Dave looks at him for a couple seconds, closes his eyes for two more, and then endeavors to look the most put upon.]
You. Are the one who woke me up in the first place.
[THE MOST PUT UPON.]
no subject
Hey, fuckstain, if you hadn't been such an evasive tool about all of this and, you know, actually talked to me like I told you to, then I wouldn't have had to!
[Y e s, he is dealing with the situation masterfully. Not.
He pushes himself up creakily to his feet, holding out a hand for Dave once he's fully upright. It has less to do with actually moving than getting this worthless human out of that... really, really, really pathetic-looking pose, but he won't say that ever. Just no.]
Come on, time to get up.
no subject
Why does he have the most aggravating friends in two universes.
But okay, yes, fine, up. He lifts his hand and waves it around without looking until it smacks into Karkat's entirely by chance, and then lets Karkat help him up. It's less for actual muscle than just balance, because while Karkat is a 5'6" ball of rage, Dave is a 5'10" noodle (and growing), but he's tottery on his feet, and it helps.
Dave mumbles something into his sleeve that could be "thanks" but could also be "fuck you" and stumbles towards his bed.]
no subject
I'll be right back.

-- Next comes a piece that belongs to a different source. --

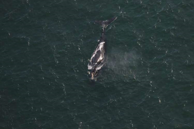 A Center for Coastal Studies aerial survey team spotted the entangled animal among several other right whales. The group sent out a response team that arrived at the scene around 1:30 p.m., removed some gear from the whale, and added a satellite buoy for tracking. The animal had a line over its head, exiting both sides of his mouth, and trailing for about three to four body lengths past its tail, according to a NOAA statement.

Lie down before you hurt yourself.
[If Dave is listening, he may hear a quiet clink and the distinct sounds of a turning fluid flow manipulation device and a filling cylindrical beverage container before Karkat returns. And... you know what, fuck it, he's holding a glass of water and a box of tissues, both of which he sets down on the nightstand.]
There. Do you, uh, need anything else?
[FUCK]
no subject
Nah.
[He's good, he thinks. He drinks the water, doing his level best not to look at Karkat at risk of wondering why, exactly, he's doing all this for him, besides broship, obviously, and the mutual understanding of being in the same floating maritime vessel.
...No, he should probably say something. Apparently people can't get along on just silent suggestion alone. He looks down at the glass in his hands and tries to think of the words.]
Karkat? Um...
Thanks. [Yes, that seems right. Dave nods. He's so tired.] Thanks, bro.
no subject
Yeah.
[He says it as normally as he can, which isn't very, and gives a dismissive shrug. All in a planetary axial rotation's monetarily compensated labor.]
Sleep well, bro. I'll get the light.
[He spares one last glance at Dave, frowns, and nudges a certain Pokéball a bit closer before turning to leave, making certain to flip the
illumination modulationswitch as he goes.]